Keith suddenly has the feeling that they’re not really talking about Allura. He’s never really been good with playing games like this, and Shiro knows it. “What’s really going on, Shiro?”

“Ah.”

“Ah?”

“I suppose I don’t know where to start. I wasn’t expecting to see you again.”

“Oh.” Keith feels like he’s been punched in the diaphragm. 

“Not that I didn’t want to,” Shiro rushes to say. “I guess I mean I wasn’t expecting to see you at that time, in that place.”

“It was mutual, trust me.”

“I could tell,” Shiro says. “You looked like...”

“Like what?”

“I don’t know. You didn’t look happy.”

They are, Keith realizes, at a crossroads. He wants to hold a grudge against Shiro for the years of radio silence, but he isn’t angry anymore. He’s just hurt and confused.

“I mean, I hadn’t heard from you in years.”

“I know, and I’m sorry.”

“That’s it?”

“For now. It’s kind of a long story, and I don’t really want everyone listening in.”

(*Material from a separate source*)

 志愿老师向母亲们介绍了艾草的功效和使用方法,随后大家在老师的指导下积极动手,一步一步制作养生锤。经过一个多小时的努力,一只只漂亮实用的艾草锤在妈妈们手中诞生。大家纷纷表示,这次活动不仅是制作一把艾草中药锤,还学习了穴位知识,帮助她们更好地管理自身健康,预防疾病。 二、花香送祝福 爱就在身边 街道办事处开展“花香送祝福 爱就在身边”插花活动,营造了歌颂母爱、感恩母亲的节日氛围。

Ahead of them, the rest of the group is approaching the bar. As soon as they’re inside, it’s going to be harder for Keith and Shiro to separate from the others. 

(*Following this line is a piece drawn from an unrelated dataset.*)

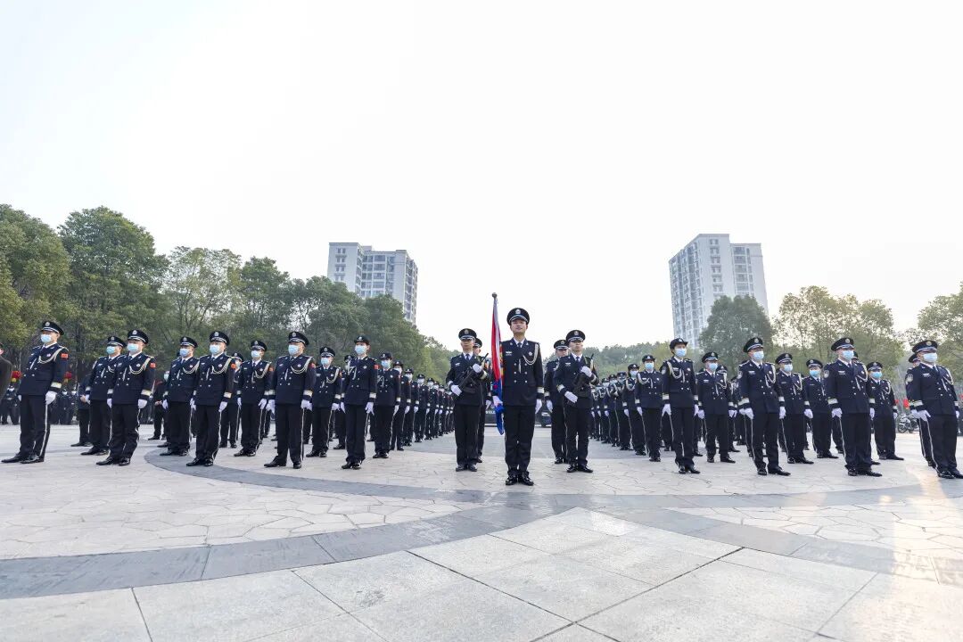 “我是中国人民警察,我宣誓......”参加仪式的民警面对警旗庄严宣誓。

Outside of the door, Keith stops Shiro. “Fine. But you’d better tell me later.”

“I promise,” Shiro says, and he’s so painfully sincere that Keith has to let him go.

;

Once they’re all at the bar, everything falls back into routine, again. The usual table, the usual drinks (on Allura’s tab, as usual). The only change is Shiro’s presence, and despite his earlier awkwardness with Keith he blends in. Lance and Hunk ask him way too many questions about his career, and Pidge pretends like she’s not listening but Keith knows she loves industry gossip more than anyone. 

Allura is watching him, and Keith knows it’s because she wants to ask about Shiro. The only thing stopping her, he’s sure of it, is the fact that Shiro is sitting on his other side. He tries to communicate to Allura with his eyes that they can talk later. This has the effect of making her talk to him, instead.

“Later,” he whispers, as she leans in with her wolfish smile.

“You sure you’ll be around later?” she asks.

“Is that a threat?”

“No,” she laughs. “I assume you meant later tonight.”

“I did.”

“And you don’t happen to have anything else in mind for afterwards?”

Allura raises her eyebrows at Shiro, who is luckily too busy talking to Hunk to pay attention to what’s going on beside him.

“I don’t know what you’re talking about,” Keith deadpans.

“Oh, baby, you can’t fool me.”

“Don’t call me baby,” Keith gripes, but gets Allura’s point anyway. Shiro is pressed firmly up against him, from shoulder to knee. He’s a solid warmth that Keith has missed. He has to know what he’s doing. Shiro as Keith remembers him may have been friendly but he wasn’t flirtatious, generally. He couldn’t have changed that much, a treacherous little voice in Keith’s brain whispers. 

“So I’m right,” Allura says. “There’s something there.”

“There was,” Keith says. “A long time ago.”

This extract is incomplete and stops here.